Над её застывшими остроконечными ушами виднелся сад – огромный и заросший, оставшийся с тех времён, когда Милтон-Лодж был домом богатого семейства и вокруг простирались бесконечные поля. Эсме рассказывала, что раньше – до того, как всё это уничтожили ради строительства пригорода, – Эверфолльский лес почти примыкал к полуразвалившейся стене в конце сада. Стена обрушилась во время бури несколько лет назад, и никто не потрудился её восстановить. На руинах иногда сидел одноглазый кот, который всё время словно бы подмигивал тебе. А в высокой разросшейся траве спали лисы и – если их вспугнуть – шмыгали по развалинам.
Мэгги открыла заднюю дверь и вышла наружу. Там стоял непроглядный мрак, но огромный дуб и деревья поменьше вырисовывались на фоне тёмно-синего неба. Мэгги вдохнула холодный воздух. В этом месте было что-то неправильное. Она чувствовала, что это скрывается прямо за аккуратно вымощенными подъездными дорожками, тихо стоящими на них блестящими чёрными автомобилями и идеальными домами с мягким ковровым покрытием.
Ну… не совсем неправильное, но что-то такое, от чего покалывало кожу. Нечто странное.
– Мэгги? – раздался голос из темноты.
Она пришла и закрыла дверь.
Эсме уже вернулась и заваривала чай на узкой кухне. Мэгги наблюдала за ней через причудливую дыру, вырезанную в стене между двумя комнатами. Тётина причёска походила на пчелиный улей.
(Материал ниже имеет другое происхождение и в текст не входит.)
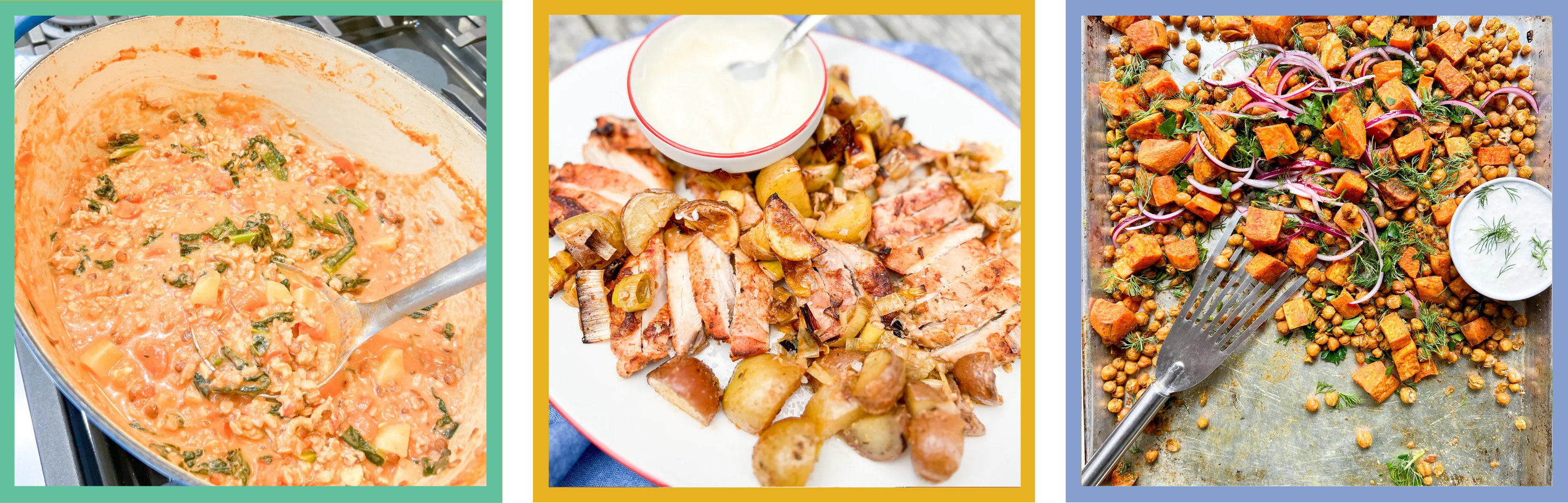 Use peeled and cubed celeriac in (above, from left to proper) winter stew; sheet-pan spiced rooster; and sheet-pan candy potatoes and chickpeas.
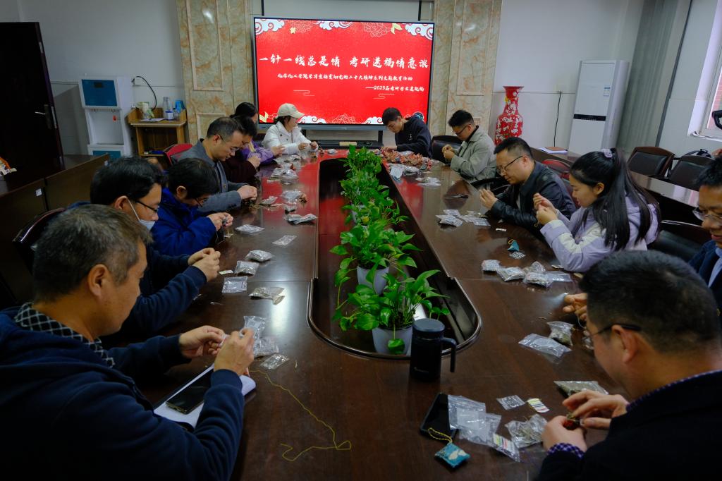 “想亲手为学院每个考研学子缝制考研福袋,这一针一线之中体现的是我们学院老师对考研学子祝福和关心”这是化学化工学院党委书记宋刘斌正在缝制考研福袋时说的。为了表达对考研学子的关心和关怀,化学化工学院院领导以及各毕业班班主任齐聚一堂,穿针引线,亲手为考研学子缝制寓意“高中”的粽子福袋,心意满满,情意浓浓,一针一线中融入的是老师们对考研学子的深深祝福和深切关爱,也让大家在寒冷的冬日感受到学院老师带来的关爱与温暖。

По утрам, когда Мэгги уходила в школу, в воздухе частенько висел ядовитый запах лака. Спереди волосы Эсме были красновато-коричневого цвета с металлическим отливом, а сзади оставались седыми, будто тётя не могла туда дотянуться и как следует рассмотреть себя в зеркале при окрашивании.
Тётя поставила чай на поднос вместе с коробкой печенья и отнесла к маленькому столику, где они иногда обедали. Затем она села, достала сигарету и закурила в своей эффектной манере, словно изображая какую-нибудь кинозвезду: слегка затягивалась уголком рта и аккуратно постукивала по краю пепельницы, чуть наклонив голову, – будто подозревала, что камера может вращаться, и хотела, чтобы она запечатлела наилучшие ракурсы.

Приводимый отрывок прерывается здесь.